It’s out of the question: Kiffin isn’t out of the woods on the decision to let Woods play


The Associated Press

Who is the current president?
What is today’s date?
What is 100 minus 7, minus 7, minus 7?
That’s not an Arizona State University admissions test.
Those are the three questions that USC standout receiver Robert Woods apparently answered correctly when forced by the Trojans’ sideline medical staff Thursday night during a standard concussion-syndrome test.
Woods passed without a No. 2 pencil or a calculator, standing upright and smiling. This was just moments after he staggered, wobbled, spun and then collapsed face-first at midfield, seemingly headed for the wrong sideline. He had just been part of a brain-jarring, helmet-to-helmet hit while laying down a block on a punt return in the first quarter against Utah.


The 20-year-old was slapped on the back and allowed by those in charge of protecting him from himself to go back into the game, and he eventually yanked in a touchdown pass during the Trojans’ come from behind win.
So all’s good?
Lane Kiffin should have his head examined.
His initial response after the game was that Woods’ ability to return after missing just one play while being checked out “shows what kind of tough kid he is.”
Who’s kidding whom?
Friday, Kiffin repeated that Woods was “fine to go back in – that’s not my decision. Our medical staff errs on the side of being safe.”
Here’s a no-brainer — take some responsibility. Order Woods, or any one in that situation, to sit. And wait. And look them in the eye at halftime. Double, triple and quadruple check.
Do it for your player’s safety. And, perhaps, to protect yourself, too.


== Hopefully, you’re aware that California governor Jerry Brown just passed Senate Bill 1524 – the ground-breaking Student-Athlete Bill of Rights that requires universities the size of USC or USC to guarantee scholarships for players forced to retire because of injury as well as cover all deductibles for injuries related to their sports participation.
UCLA has had two football players, Patrick Larimore and Chris Ward, have to quit because of recent injuries, and the school compensated them with its own policy.
Let’s not find out down that road that Woods will need the benefits of that bill just because someone let him play.

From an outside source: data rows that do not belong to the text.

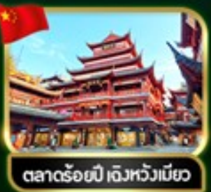
ตลาดร้อยปี เจิวหวงเหมียว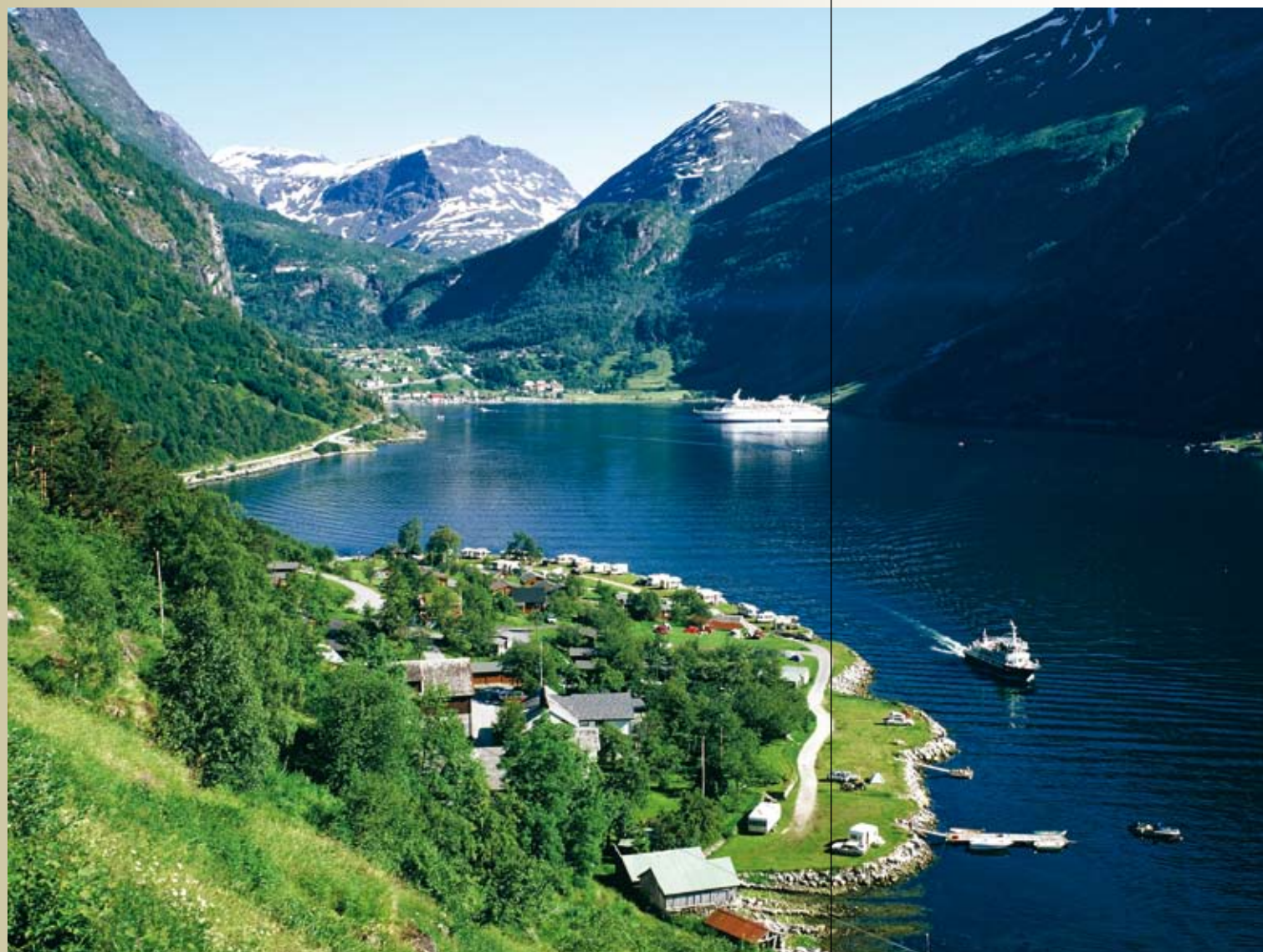
Geirangerfjorden ble ført inn på UNESCOs verdensarvliste i 2006.

Pyramidene i Egypt, Viktoriafallene i det sørlige Afrika, Den kinesiske mur, Venezia og Grand Canyon står alle på UNESCOs verdensarvliste. I 2007 inneholdt listen totalt 851 steder av «enestående universell verdi», og blant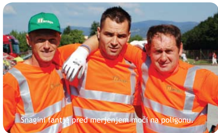
Snagini fantje pred merjenjem moči na poligonu.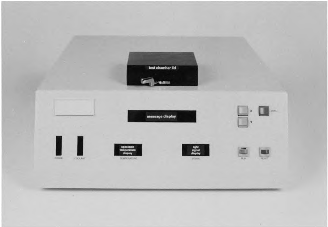
Рисунок А1.3 — Внешний интерфейс прибора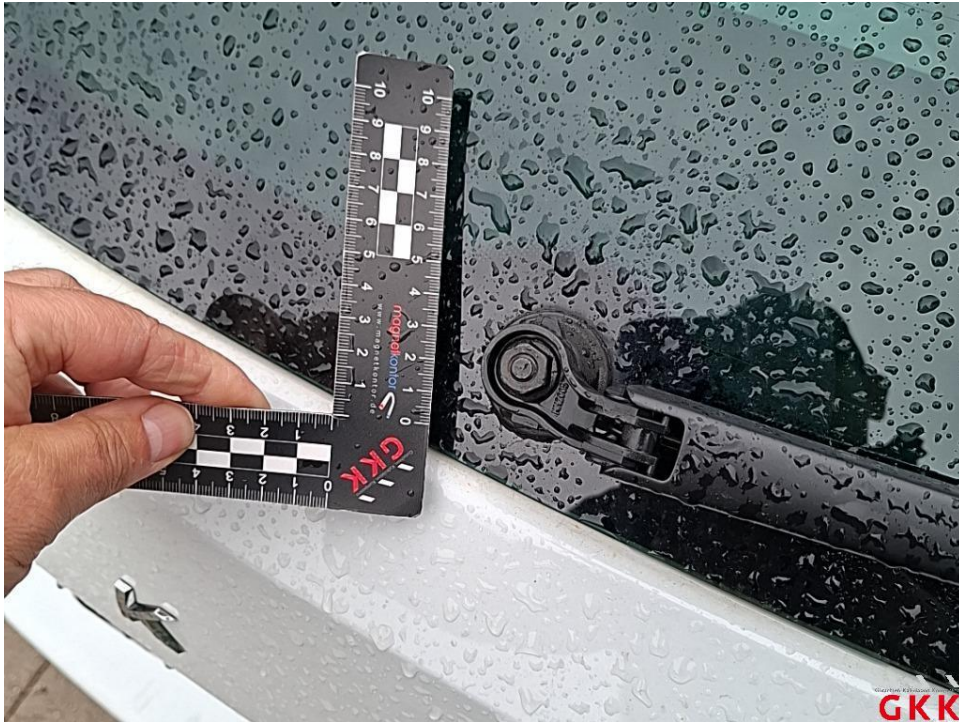
Bild 13. Heckwischer, Abdeckung, fehlt, ersetzen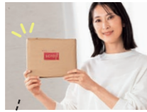
お届け時はA4サイズ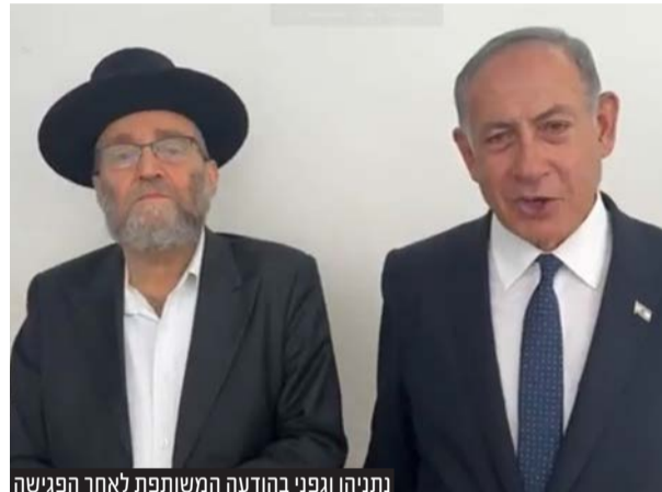
נתניהו וגפני בהודעה המשותפת לאחר הפגישה על בנו אבנר עמו הוא לומד מידי שבוע את פרשת השבוע וציין: "אצלנו זה לא בשביל לקושש קולות בבחירות, זה מושרש". בדגל התורה אמרו לאחר הפגישה כי הפגישה בבית מרן ראש

הישיבה נועדה להעביר מסר ל'מחנה הממלכתי' לפיו יהדות התורה מצאת בבלוק הימין והברית עם נתניהו תימשך גם לאחר הבחירות וכי אין כל כוונה להיכנס לממשלה שהליכוד אינו חלק ממנה. בתום הפגישה בחדרו של מרן ראש הישיבה פירסמו נתניהו וגפני הודעה משותפת. נתניהו סיפר: "יצאנו עכשיו מגדול הדור הרב אדלשטיין שהעניק לנו מחוכמתו, בכל ליבו מאהבת ישראל שבו ומאהבת התורה שבו. הוא איחל לנו שנה טובה ואנחנו איחלנו גם לו והרבה בריאות ואני מאחל הרבה בריאות ושנה מתוקה לכל עם ישראל". ח"כ גפני אמר: "ראש הישיבה קיבל את מר נתניהו בחום ומאוד כיבד אותו והעלה את הדברים החשובים של החינוך והתורה שזה עומד במרכז חייו של העם היהודי שבזכות התורה ובזכות החינוך הזה אנחנו עם הגלות של אלפיים שנה הגענו לכאן וממשיכים להיות עם אחד של ביישנים, רחמנים וגומלי חסדים שאכפת לנו ממה שקורה בעם היהודי בכלל בכל העולם. הוא בירך ואיחל למר נתניהו שנה טובה ואנחנו מקווים שלכולם יהיה שנה טובה, כל אחד באופן אישי וגם לעם ישראל, שתהיה פה ממשלה של שנה טובה".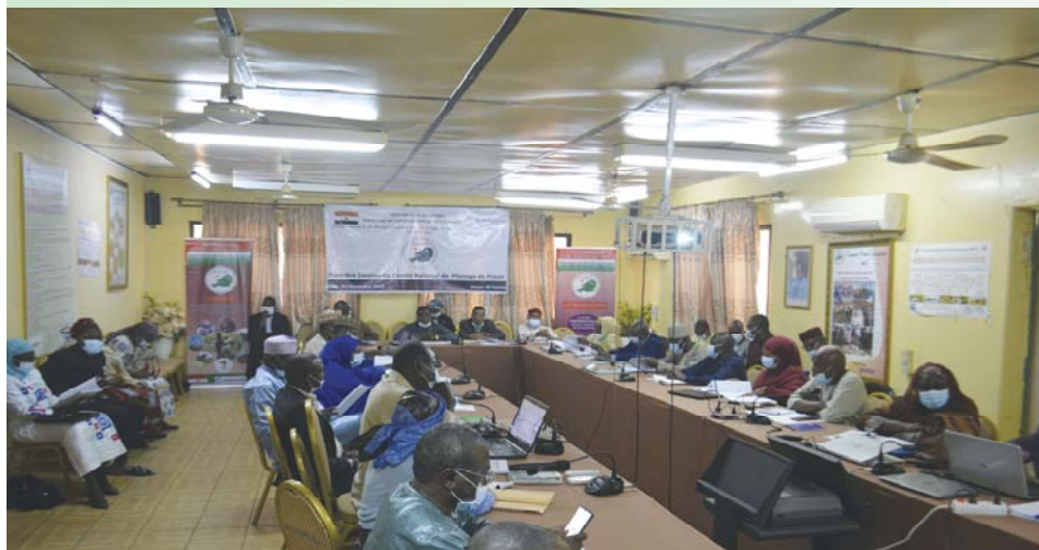
Une vue des participants à la session ordinaire du Comité National de Pilotage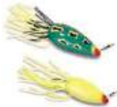
Moss Boss - Heddon

largos y suaves tirones que pueden aplicarse para trabajarlos. Ejemplos son la cuchara plástica Moss Boss de Heddon, Original Frog y Moss Rat de Snag Proof, y la mayoría de los señuelos de látex ( plastics ) que trabajan en superficie.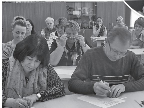
Участники диктанта отвечают на вопросы

Первого ноября в преддверии Дня народного единства в Красноткацкой средней школе прошла Международная просветительская акция «Большой этнографический диктант».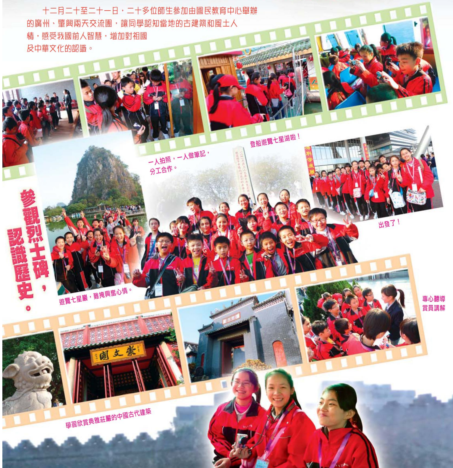
登船遊覽七星湖啦！

十二月二十至二十一日，二十多位師生參加由國民教育中心舉辦的廣州、肇興兩天交流團，讓同學認知當地的古建築和風土人情，感受我國前人智慧，增加對祖國及中華文化的認識。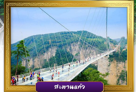
สะพานแก้ว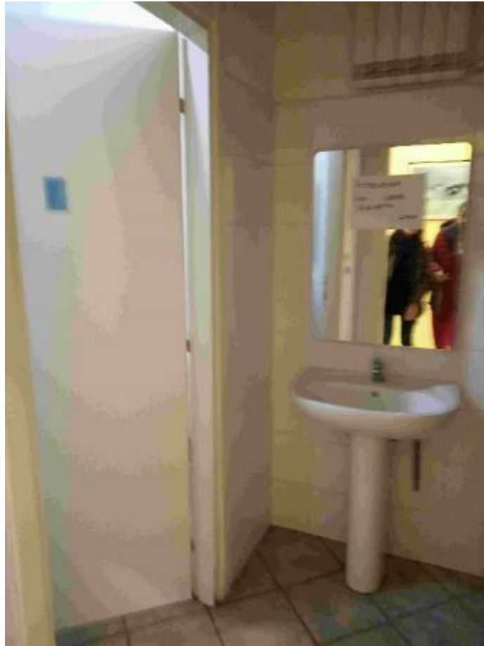
Foto 22 locale deposito uffici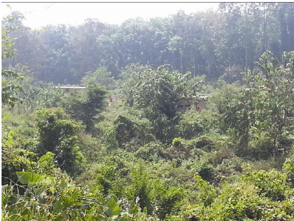
ആറ്റം ഫാം പദ്ധതി പ്രദേശം

25.9.2008-ലെ സർക്കാർ ഉത്തരവ് ഖണ്ഡിക 1, 13.10.2008-ലെ ധാരണാപത്രം ഖണ്ഡിക 2 എന്നിവ പ്രകാരം നിർമ്മിതി കേന്ദ്രത്തിനെ ഏൽപ്പിച്ച 2557 വീടുകളുടെയും അനുബന്ധ സൗകര്യങ്ങളുടെയും നിർമ്മാണത്തിനുള്ള ബൃഹത് പദ്ധതിയുടെ ഭാഗമായ പരിശീലന പരിപാടിയ്ക്കുള്ള അടിസ്ഥാന സൗകര്യം ഒരുക്കുന്നതിനാണ് 40 ലക്ഷം രൂപ നിർമ്മിതി കേന്ദ്രത്തിന് നൽകിയിട്ടുള്ളത്. എന്നാൽ 29.7.2009-ൽ നിർമ്മിതി കേന്ദ്രം നിർമ്മിച്ച് നൽകേണ്ട വീടുകളുടെ എണ്ണം 2557-ൽ നിന്നും 400 ആയി ചുരുക്കിയപ്പോഴും അടിസ്ഥാന സൗകര്യം ഒരുക്കുന്നതിനായി മേൽ സൂചിപ്പിച്ച പ്രകാരം നിർമ്മിതി കേന്ദ്രം 37,71,243/- രൂപ ചെലവഴിച്ച് കഴിഞ്ഞിരുന്നു. അതായത് 2557 വീടുകളുടെ നിർമ്മാണം മൂന്നിൽ കണ്ട് ഒരുക്കിയ അടിസ്ഥാന സൗകര്യങ്ങൾ ഫലത്തിൽ പ്രയോജനപ്പെടാതെ പോയതായി കാണുന്നു. ഇതു സംബന്ധിച്ച് നടത്തിയ ഭൗതിക പരിശോധനയിൽ അടിസ്ഥാന സൗകര്യം ഒരുക്കലിന്റെ ഭാഗമായി നിർമ്മിച്ച കെട്ടിടങ്ങൾ കാടുകയറിയും ഉപയോഗ ശൂന്യമായും കിടക്കുന്നതായി കണ്ടു (ചിത്രങ്ങൾ ചുവടെ ചേർക്കുന്നു). 21.60 ലക്ഷം രൂപ ചെലവ് വരുന്ന 18 കോഴ്സുകളുള്ള പരിശീലന പരിപാടി വിഭാവനം ചെയ്ത സ്ഥാനത്ത്, ലഭ്യമായ രേഖകൾ പ്രകാരം വെറും 9,84,368/- രൂപ മാത്രമാണ് ചെലവഴിച്ചത്.

== Did Matt Barkley put himself back in the Heisman conversation after delivering the Trojans back from a miserable 14-0 deficit to 28 unanswered points at Utah? Aside from the fact it was two Barkley-related snafus that got the team into that mess in the first place?

== How is a star like Utah’s Star Lotulelei not sought after more than even Barkley in the 2013 NFL draft?


== Does it validate your gut feeling about Mike Trout’s AL MVP credentials knowing that noted “Baseball Nerd” (according to his blog, linked here) Keith Olbermann, about as traditional a traditionalists you can find, recently wrote that the Angels rookie’s 10.72 Wins Above Replacement figure, which calibrates 30 percent better than runner-up Robinson Cano, is 54 perfect “more valuable” than Tigers’ Triple Crown winner Miggy Cabrera and should be the deciding factor in this vote?

== In 1978, it has been confirmed that Affirmed won the Triple Crown. But didn’t Alydar have a higher WAR? Or are we confusing that with War Admiral?


== What’s missing from the WNBA’s Minnesota Lynx jerseys? A sponorship.
They actually use their nicknames as identification during the season, and the playoffs.
Meanwhile, their Western Conference final opponents aren’t embrassed to have “Farmers” across the breastplate of their sleeveless blouses. As if we’re just labeling a group of hard-working people based on their off-the-court occupations.
If the Sparks were so desperate for a title sponsorship, what would have been so wrong with soliciting a few bucks from Sparkletts bottled water?
Sparks energy drink? AC/Delco spark plugs? Nicholas Sparks? Jordin Sparks? Spark Woodfire Grill in Studio City?

== Can you name a big-time MLS team anymore with an American as its primary star player?

== BYU is going to break out black uniforms for today’s game against Oregon State. The Mormon school is selling its soul to …Nike?

== What are we supposed to do with the knowledge the Hulk Hogan has a sex tape out there somewhere? Is that kind of wrestling real?